*** INFORMATION ***

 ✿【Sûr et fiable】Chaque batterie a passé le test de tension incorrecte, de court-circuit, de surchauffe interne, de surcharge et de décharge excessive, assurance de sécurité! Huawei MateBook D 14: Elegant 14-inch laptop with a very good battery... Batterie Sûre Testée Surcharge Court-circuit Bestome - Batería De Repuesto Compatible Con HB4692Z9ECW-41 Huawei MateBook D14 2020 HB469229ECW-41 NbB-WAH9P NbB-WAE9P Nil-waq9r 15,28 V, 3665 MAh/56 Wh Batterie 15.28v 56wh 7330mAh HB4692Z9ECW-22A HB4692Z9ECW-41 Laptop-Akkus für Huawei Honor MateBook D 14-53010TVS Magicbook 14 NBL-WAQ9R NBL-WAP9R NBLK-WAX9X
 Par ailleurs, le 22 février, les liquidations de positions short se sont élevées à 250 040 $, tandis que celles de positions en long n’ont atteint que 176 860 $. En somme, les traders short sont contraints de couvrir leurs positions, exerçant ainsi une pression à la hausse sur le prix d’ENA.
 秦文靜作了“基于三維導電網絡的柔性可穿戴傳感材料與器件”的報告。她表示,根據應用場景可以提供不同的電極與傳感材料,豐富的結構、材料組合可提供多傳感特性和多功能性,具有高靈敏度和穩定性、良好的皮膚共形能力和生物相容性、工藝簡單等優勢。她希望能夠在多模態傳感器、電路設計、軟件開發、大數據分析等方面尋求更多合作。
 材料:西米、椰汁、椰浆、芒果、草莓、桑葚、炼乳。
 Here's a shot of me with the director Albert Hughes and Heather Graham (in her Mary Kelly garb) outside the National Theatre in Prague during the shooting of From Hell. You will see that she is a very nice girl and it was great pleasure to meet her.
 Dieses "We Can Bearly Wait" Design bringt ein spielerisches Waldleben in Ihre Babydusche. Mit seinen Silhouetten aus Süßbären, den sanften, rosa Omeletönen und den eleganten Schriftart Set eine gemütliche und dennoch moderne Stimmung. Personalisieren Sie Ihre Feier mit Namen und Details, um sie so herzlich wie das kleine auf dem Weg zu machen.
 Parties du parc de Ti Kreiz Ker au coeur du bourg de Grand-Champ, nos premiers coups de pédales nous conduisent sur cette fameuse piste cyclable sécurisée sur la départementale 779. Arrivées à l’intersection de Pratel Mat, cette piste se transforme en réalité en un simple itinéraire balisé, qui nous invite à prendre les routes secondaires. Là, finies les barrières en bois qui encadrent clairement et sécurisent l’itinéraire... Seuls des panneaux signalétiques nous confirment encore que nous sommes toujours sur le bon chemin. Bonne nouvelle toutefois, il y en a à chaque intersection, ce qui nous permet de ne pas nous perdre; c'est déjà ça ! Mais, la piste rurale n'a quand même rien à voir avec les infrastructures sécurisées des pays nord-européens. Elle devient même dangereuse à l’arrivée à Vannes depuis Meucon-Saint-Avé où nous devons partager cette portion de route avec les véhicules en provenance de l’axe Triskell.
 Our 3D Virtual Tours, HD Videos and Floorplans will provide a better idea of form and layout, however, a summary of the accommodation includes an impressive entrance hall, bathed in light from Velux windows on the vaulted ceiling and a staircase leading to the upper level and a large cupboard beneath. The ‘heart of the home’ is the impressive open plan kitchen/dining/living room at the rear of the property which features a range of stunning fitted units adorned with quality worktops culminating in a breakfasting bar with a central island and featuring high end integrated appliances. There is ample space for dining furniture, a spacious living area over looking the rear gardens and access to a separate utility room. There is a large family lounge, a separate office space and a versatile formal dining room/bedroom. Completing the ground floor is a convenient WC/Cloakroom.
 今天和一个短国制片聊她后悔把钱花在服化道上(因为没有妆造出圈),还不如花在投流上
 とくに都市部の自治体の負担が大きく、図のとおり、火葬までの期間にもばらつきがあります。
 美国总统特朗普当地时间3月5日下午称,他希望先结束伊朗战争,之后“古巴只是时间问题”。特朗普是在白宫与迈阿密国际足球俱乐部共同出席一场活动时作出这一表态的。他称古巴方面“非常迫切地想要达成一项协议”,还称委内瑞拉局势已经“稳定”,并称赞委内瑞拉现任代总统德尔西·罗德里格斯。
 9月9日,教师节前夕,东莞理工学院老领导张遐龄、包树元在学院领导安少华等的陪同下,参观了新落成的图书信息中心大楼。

*** End of INFORMATION ***

Retype the data shown above so that each line matches the original.

◆ TASK OUTPUT ◆
 ✿【Sûr et fiable】Chaque batterie a passé le test de tension incorrecte, de court-circuit, de surchauffe interne, de surcharge et de décharge excessive, assurance de sécurité! Huawei MateBook D 14: Elegant 14-inch laptop with a very good battery... Batterie Sûre Testée Surcharge Court-circuit Bestome - Batería De Repuesto Compatible Con HB4692Z9ECW-41 Huawei MateBook D14 2020 HB469229ECW-41 NbB-WAH9P NbB-WAE9P Nil-waq9r 15,28 V, 3665 MAh/56 Wh Batterie 15.28v 56wh 7330mAh HB4692Z9ECW-22A HB4692Z9ECW-41 Laptop-Akkus für Huawei Honor MateBook D 14-53010TVS Magicbook 14 NBL-WAQ9R NBL-WAP9R NBLK-WAX9X
 Par ailleurs, le 22 février, les liquidations de positions short se sont élevées à 250 040 $, tandis que celles de positions en long n’ont atteint que 176 860 $. En somme, les traders short sont contraints de couvrir leurs positions, exerçant ainsi une pression à la hausse sur le prix d’ENA.
 秦文靜作了“基于三維導電網絡的柔性可穿戴傳感材料與器件”的報告。她表示,根據應用場景可以提供不同的電極與傳感材料,豐富的結構、材料組合可提供多傳感特性和多功能性,具有高靈敏度和穩定性、良好的皮膚共形能力和生物相容性、工藝簡單等優勢。她希望能夠在多模態傳感器、電路設計、軟件開發、大數據分析等方面尋求更多合作。
 材料:西米、椰汁、椰浆、芒果、草莓、桑葚、炼乳。
 Here's a shot of me with the director Albert Hughes and Heather Graham (in her Mary Kelly garb) outside the National Theatre in Prague during the shooting of From Hell. You will see that she is a very nice girl and it was great pleasure to meet her.
 Dieses "We Can Bearly Wait" Design bringt ein spielerisches Waldleben in Ihre Babydusche. Mit seinen Silhouetten aus Süßbären, den sanften, rosa Omeletönen und den eleganten Schriftart Set eine gemütliche und dennoch moderne Stimmung. Personalisieren Sie Ihre Feier mit Namen und Details, um sie so herzlich wie das kleine auf dem Weg zu machen.
 Parties du parc de Ti Kreiz Ker au coeur du bourg de Grand-Champ, nos premiers coups de pédales nous conduisent sur cette fameuse piste cyclable sécurisée sur la départementale 779. Arrivées à l’intersection de Pratel Mat, cette piste se transforme en réalité en un simple itinéraire balisé, qui nous invite à prendre les routes secondaires. Là, finies les barrières en bois qui encadrent clairement et sécurisent l’itinéraire... Seuls des panneaux signalétiques nous confirment encore que nous sommes toujours sur le bon chemin. Bonne nouvelle toutefois, il y en a à chaque intersection, ce qui nous permet de ne pas nous perdre; c'est déjà ça ! Mais, la piste rurale n'a quand même rien à voir avec les infrastructures sécurisées des pays nord-européens. Elle devient même dangereuse à l’arrivée à Vannes depuis Meucon-Saint-Avé où nous devons partager cette portion de route avec les véhicules en provenance de l’axe Triskell.
 Our 3D Virtual Tours, HD Videos and Floorplans will provide a better idea of form and layout, however, a summary of the accommodation includes an impressive entrance hall, bathed in light from Velux windows on the vaulted ceiling and a staircase leading to the upper level and a large cupboard beneath. The ‘heart of the home’ is the impressive open plan kitchen/dining/living room at the rear of the property which features a range of stunning fitted units adorned with quality worktops culminating in a breakfasting bar with a central island and featuring high end integrated appliances. There is ample space for dining furniture, a spacious living area over looking the rear gardens and access to a separate utility room. There is a large family lounge, a separate office space and a versatile formal dining room/bedroom. Completing the ground floor is a convenient WC/Cloakroom.
 今天和一个短国制片聊她后悔把钱花在服化道上(因为没有妆造出圈),还不如花在投流上
 とくに都市部の自治体の負担が大きく、図のとおり、火葬までの期間にもばらつきがあります。
 美国总统特朗普当地时间3月5日下午称,他希望先结束伊朗战争,之后“古巴只是时间问题”。特朗普是在白宫与迈阿密国际足球俱乐部共同出席一场活动时作出这一表态的。他称古巴方面“非常迫切地想要达成一项协议”,还称委内瑞拉局势已经“稳定”,并称赞委内瑞拉现任代总统德尔西·罗德里格斯。
 9月9日,教师节前夕,东莞理工学院老领导张遐龄、包树元在学院领导安少华等的陪同下,参观了新落成的图书信息中心大楼。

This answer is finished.